* _Task to carry out_
The listing below should be printed exactly, every line of it. Skip the pictures.

Supplied information START

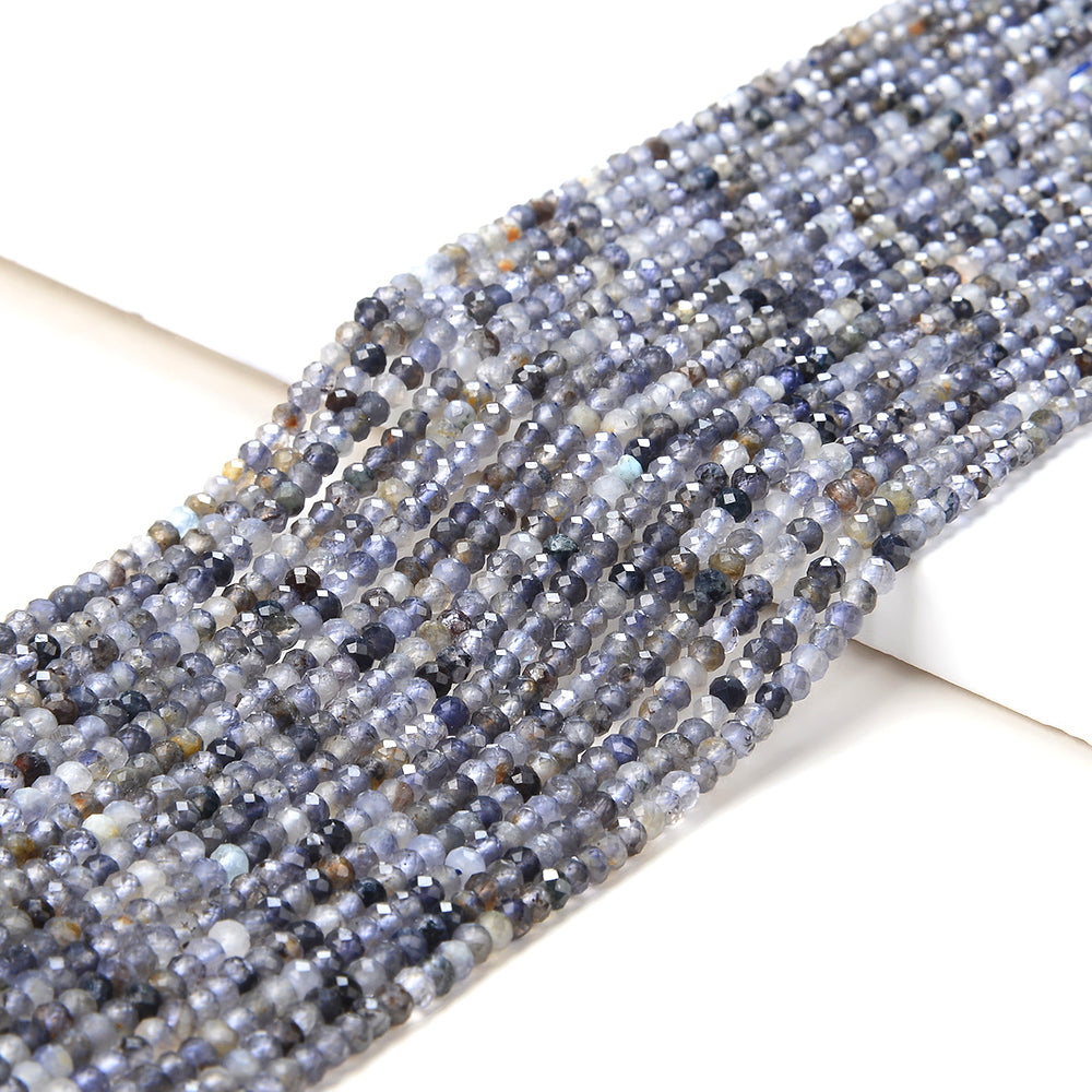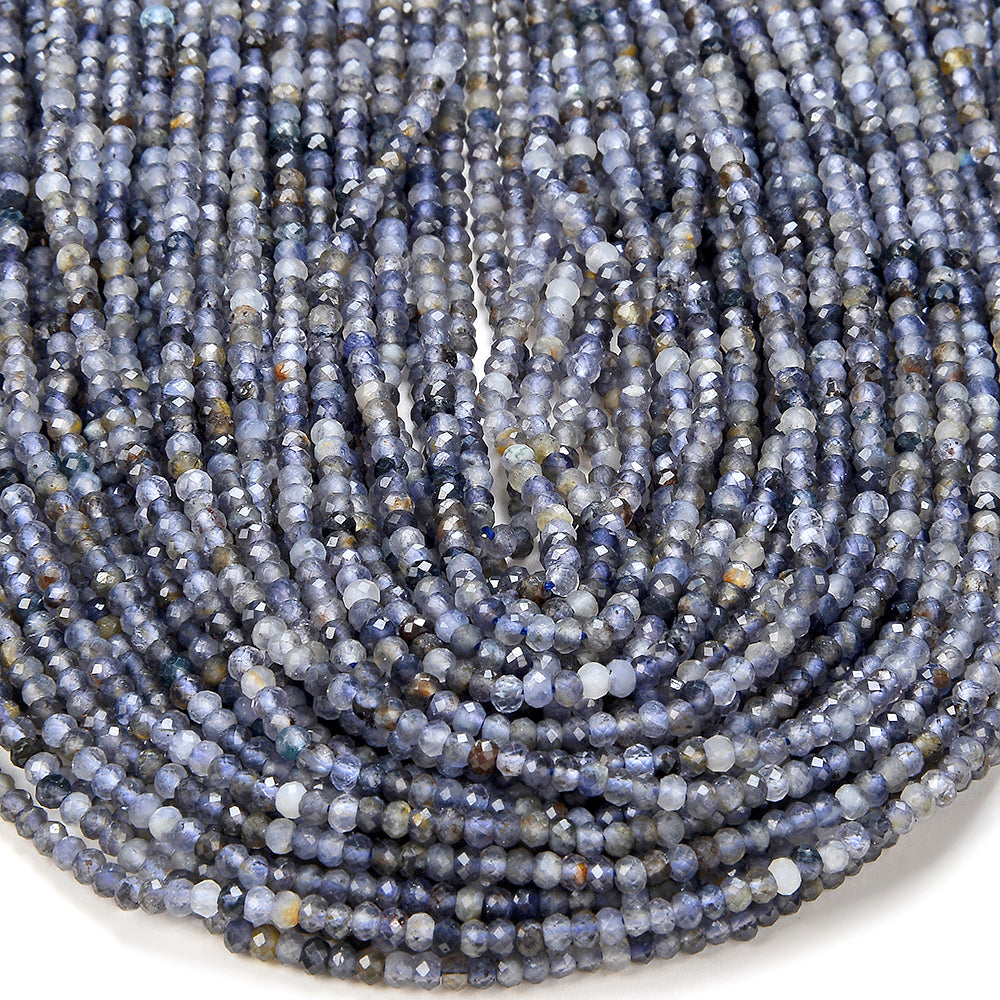 3X2MM Natural Iolite Gemstone Grade AA Micro Faceted Rondelle Loose Beads 15 inch Full Strand (80016385-P61)
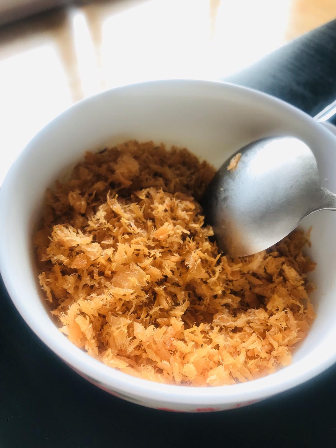 平底锅烧热把鱼肉松倒进去小火慢慢炒,三文鱼本身脂肪比较多就没必要放油,不过喜欢的可以加一点黄油会更香。一定要小火慢慢翻炒到肉松中的水分蒸发干。
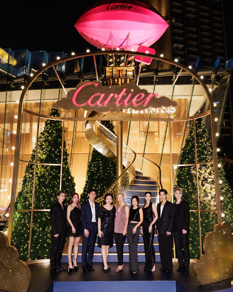 นับเป็นครั้งแรกสำหรับประเทศไทยที่ Cartier ได้รังสรรค์และเนรมิต Installation ต้อนรับช่วงเทศกาลสิ้นปี โดยมีด้วยกัน 2 จุด เริ่มต้นที่ บันไดสู่บ้านมหัศจรรย์ (Cartier Staircase to the Fabulous House) ต้นคริสต์มาสกลางแจ้ง ประดับด้วยเมฆสีทองและไฟระยิบระยับ สร้างบรรยากาศของการเฉลิมฉลอง สูงขึ้นไปคือแอร์ชิปในดีไซน์เอกลักษณ์ของแคมเปญ พร้อมขั้นบันไดที่สามารถขึ้นได้จริง สื่อถึงการพบปะที่เปี่ยมไปด้วยมนต์ขลังในเทศกาลแห่งความสุข จัดแสดง ณ บริเวณลานคนเมือง (River Park) ริมแม่น้ำเจ้าพระยา
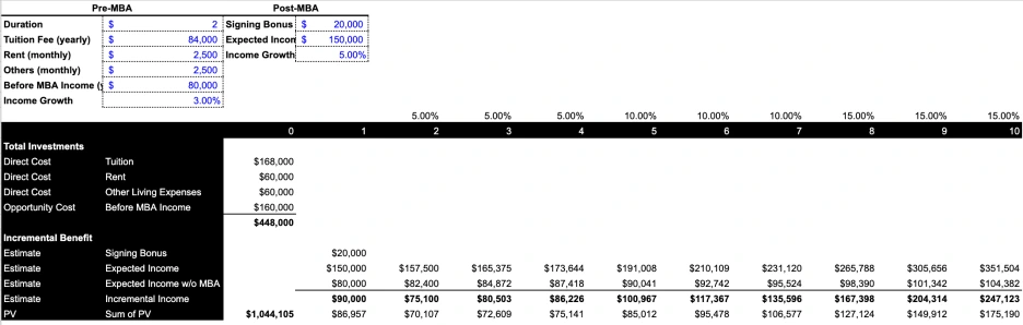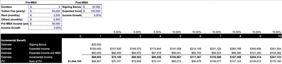 다음은 증분효용이다. 즉 MBA전대비 얼마나 경제, 비경제적 효용이 증가했는가이다. 여기서부터 사실상 가장 많은 '가정'이 들어가게된다. 나의 졸업 후 예상임금은 어느 정도일지(크게 사이닝 보너스와 기본급으로 구성되고 이외에 RSU같은 매년 받게되는 주식보상도 포함되게 되는데 간단하게 입사 초 받는 사이닝과 기대임금 두가지로 나누었다), 둘째 매년 임금인상률은 어느정도인지(이또한 이직등 다양한 변수가 있다), 마지막으론 향후 금리는 어떤 궤를 그리게 될지(미래 Cash Flow의 할인율도 사용된다)등 정확한 ROI를 계산하기 위해선 일종의 '모델 단순화'가 필요하다. 내가 쓴 가정들은 크게 아래와 같다.

Supplied information END

* _Response box_
 3X2MM Natural Iolite Gemstone Grade AA Micro Faceted Rondelle Loose Beads 15 inch Full Strand (80016385-P61)
 平底锅烧热把鱼肉松倒进去小火慢慢炒,三文鱼本身脂肪比较多就没必要放油,不过喜欢的可以加一点黄油会更香。一定要小火慢慢翻炒到肉松中的水分蒸发干。
 นับเป็นครั้งแรกสำหรับประเทศไทยที่ Cartier ได้รังสรรค์และเนรมิต Installation ต้อนรับช่วงเทศกาลสิ้นปี โดยมีด้วยกัน 2 จุด เริ่มต้นที่ บันไดสู่บ้านมหัศจรรย์ (Cartier Staircase to the Fabulous House) ต้นคริสต์มาสกลางแจ้ง ประดับด้วยเมฆสีทองและไฟระยิบระยับ สร้างบรรยากาศของการเฉลิมฉลอง สูงขึ้นไปคือแอร์ชิปในดีไซน์เอกลักษณ์ของแคมเปญ พร้อมขั้นบันไดที่สามารถขึ้นได้จริง สื่อถึงการพบปะที่เปี่ยมไปด้วยมนต์ขลังในเทศกาลแห่งความสุข จัดแสดง ณ บริเวณลานคนเมือง (River Park) ริมแม่น้ำเจ้าพระยา
 다음은 증분효용이다. 즉 MBA전대비 얼마나 경제, 비경제적 효용이 증가했는가이다. 여기서부터 사실상 가장 많은 '가정'이 들어가게된다. 나의 졸업 후 예상임금은 어느 정도일지(크게 사이닝 보너스와 기본급으로 구성되고 이외에 RSU같은 매년 받게되는 주식보상도 포함되게 되는데 간단하게 입사 초 받는 사이닝과 기대임금 두가지로 나누었다), 둘째 매년 임금인상률은 어느정도인지(이또한 이직등 다양한 변수가 있다), 마지막으론 향후 금리는 어떤 궤를 그리게 될지(미래 Cash Flow의 할인율도 사용된다)등 정확한 ROI를 계산하기 위해선 일종의 '모델 단순화'가 필요하다. 내가 쓴 가정들은 크게 아래와 같다.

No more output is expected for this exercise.